Re: [PATCH 00/13] Reconcile NUMA balancing decisions with the load balancer v6

From: Jirka Hladky
Date: Thu May 07 2020 - 12:30:03 EST


Hi Mel,

we are not targeting just OMP applications. We see the performance
degradation also for other workloads, like SPECjbb2005 and
SPECjvm2008. Even worse, it also affects a higher number of threads.
For example, comparing 5.7.0-0.rc2 against 5.6 kernel, on 4 NUMA
server with 2x AMD 7351 CPU, we see performance degradation 22% for 32
threads (the system has 64 CPUs in total). We observe this degradation
only when we run a single SPECjbb binary. When running 4 SPECjbb
binaries in parallel, there is no change in performance between 5.6
and 5.7.

That's why we are asking for the kernel tunable, which we would add to
the tuned profile. We don't expect users to change this frequently but
rather to set the performance profile once based on the purpose of the
server.

If you could prepare a patch for us, we would be more than happy to
test it extensively. Based on the results, we can then evaluate if
it's the way to go.

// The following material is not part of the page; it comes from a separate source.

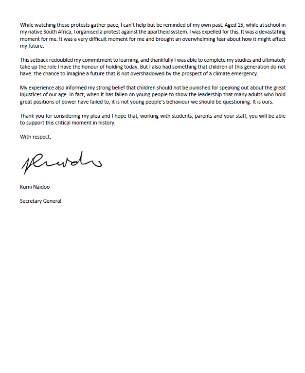 The climate emergency is the defining human rights issue for youth today. It will shape their lives in every way. That's why I've written to more than 30,000 schools around the world urging them to let pupils join the historic climate strikes on the 20th & 27th September.pic.twitter.com/ATJamTVpe0

Thoughts?

Thanks a lot!
Jirka

On Thu, May 7, 2020 at 5:54 PM Mel Gorman <mgorman@xxxxxxxxxxxxxxxxxxx> wrote:
>
> On Thu, May 07, 2020 at 05:24:17PM +0200, Jirka Hladky wrote:
> > Hi Mel,
> >
> > > > Yes, it's indeed OMP. With low threads count, I mean up to 2x number of
> > > > NUMA nodes (8 threads on 4 NUMA node servers, 16 threads on 8 NUMA node
> > > > servers).
> > >
> > > Ok, so we know it's within the imbalance threshold where a NUMA node can
> > > be left idle.
> >
> > we have discussed today with my colleagues the performance drop for
> > some workloads for low threads counts (roughly up to 2x number of NUMA
> > nodes). We are worried that it can be a severe issue for some use
> > cases, which require a full memory bandwidth even when only part of
> > CPUs is used.
> >
> > We understand that scheduler cannot distinguish this type of workload
> > from others automatically. However, there was an idea for a * new
> > kernel tunable to control the imbalance threshold *. Based on the
> > purpose of the server, users could set this tunable. See the tuned
> > project, which allows creating performance profiles [1].
> >
>
> I'm not completely opposed to it but given that the setting is global,
> I imagine it could have other consequences if two applications ran
> at different times have different requirements. Given that it's OMP,
> I would have imagined that an application that really cared about this
> would specify what was needed using OMP_PLACES. Why would someone prefer
> kernel tuning or a tuned profile over OMP_PLACES? After all, it requires
> specific knowledge of the application even to know that a particular
> tuned profile is needed.
>
> --
> Mel Gorman
> SUSE Labs
>


--
-Jirka